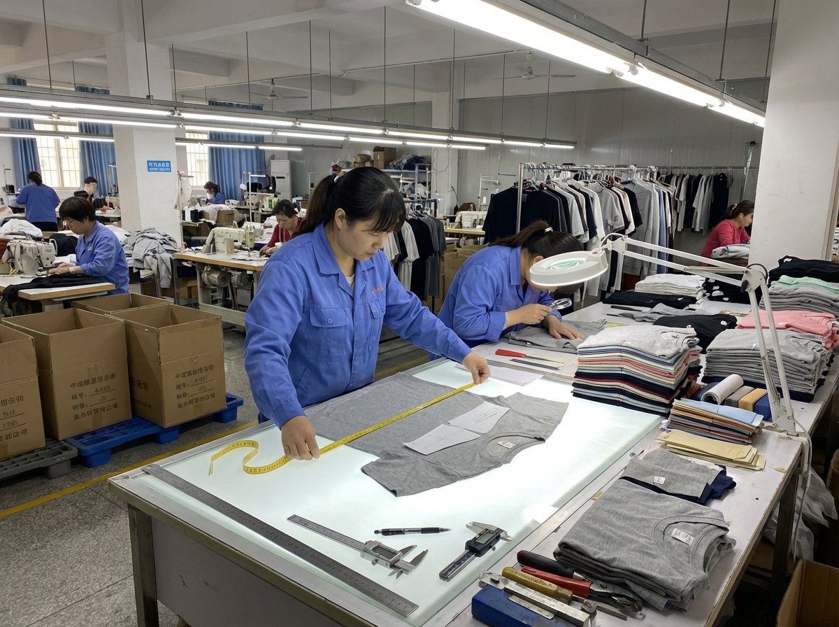 Quality checks from fabric inspection to final packing.
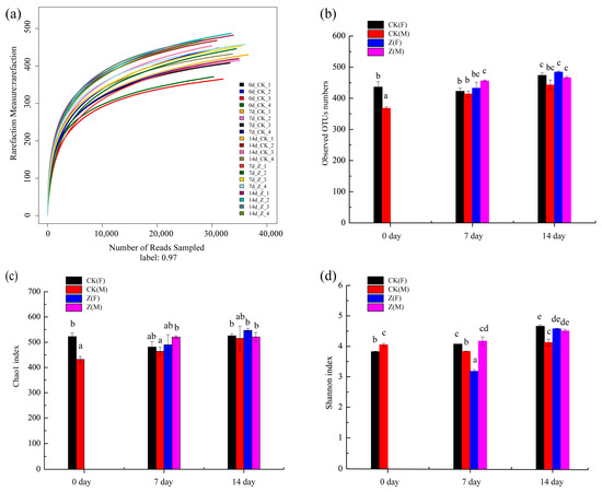 Similar to the results shown in Figure 2b, the CK groups showed significant differences in the Chao1 indices between the female and male specimens at 0 day (p < 0.05), and consistent tendencies with the results shown in Figure 2b were observed at 7 day and 14 day (Figure 2c). A greater Shannon index indicates a greater diversity of intestinal microbiota [36]. The Shannon indices of all of the specimens changed with the feed time. The Shannon index of Z(M) at 7 day was 4.17 ± 0.14 and it increased to 4.51 ± 0.05 at 14 day. In comparison, the Shannon index of Z(F) was dramatically increased from 3.18 ± 0.05 at 7 day to 4.58 ± 0.02 at 14 day (p < 0.05) (Figure 2d).
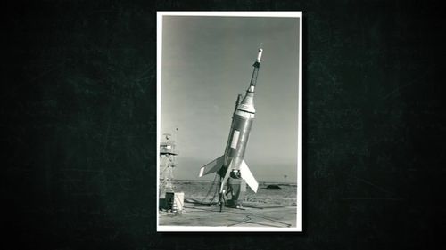 Little Joe 1 launch vehicle with Mercury capsule, August 1959 (flight LJ-6).
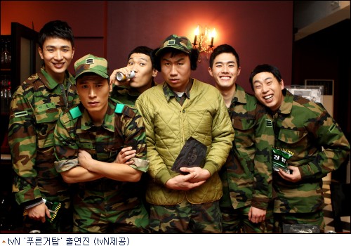 대한민국 군필 남성들이라면 누구나 애증을 갖고 있는 군대 에피소드가 드라마로 탄생한다. 케이블채널 tvN ‘롤러코스터’의 한 코너로 사랑받았던 ‘푸른거탑’코너가 폭발적인 인기에 힘입어 시트콤으로 독립편성된 것. ‘푸른거탑’코너는 오는 23일 첫 방송을 앞두고 있다.
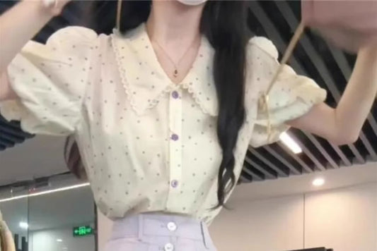 Puff Sleeve Contrast Collar Lace Trim Blouse / High Waist Plain Ruffle Tiered Mini A-Line Skirt / Set
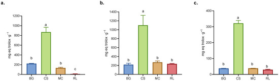 Antioxidant capacity: (a) FRAP, (b) ABTS, and (c) DPPH assays. BG = Buddleja globosa. CS = Cissus striata. MC = Mitraria coccinea. RL = Raukaua laetevirens. A one-way ANOVA was performed; different letters denote statistically significant differences according to Tukey’s test (p < 0.05).
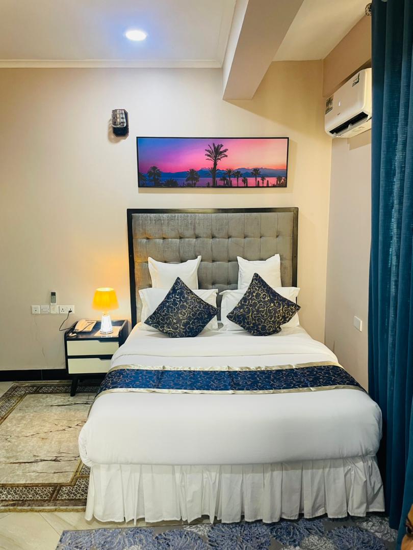 Our elegantly designed rooms are neat, spacious, and of superior quality, offering exceptional value for money. Enhance your stay at our sophisticated rooftop lounge, where a mesmerizing 360° view of Dar es Salaam provides the perfect backdrop for relaxation. Indoors, indulge in our stylish lounges and private restaurant, which serve an enticing mix of international flavors and authentic African/Tanzanian cuisine.

• • • • •

What is expected.
When you reach the line with "Little Joe 1" in the records above, start writing out each line exactly, and stop after the line with "Puff Sleeve Contrast". Pictures stay out.

Result.
 Little Joe 1 launch vehicle with Mercury capsule, August 1959 (flight LJ-6).
 대한민국 군필 남성들이라면 누구나 애증을 갖고 있는 군대 에피소드가 드라마로 탄생한다. 케이블채널 tvN ‘롤러코스터’의 한 코너로 사랑받았던 ‘푸른거탑’코너가 폭발적인 인기에 힘입어 시트콤으로 독립편성된 것. ‘푸른거탑’코너는 오는 23일 첫 방송을 앞두고 있다.
 Puff Sleeve Contrast Collar Lace Trim Blouse / High Waist Plain Ruffle Tiered Mini A-Line Skirt / Set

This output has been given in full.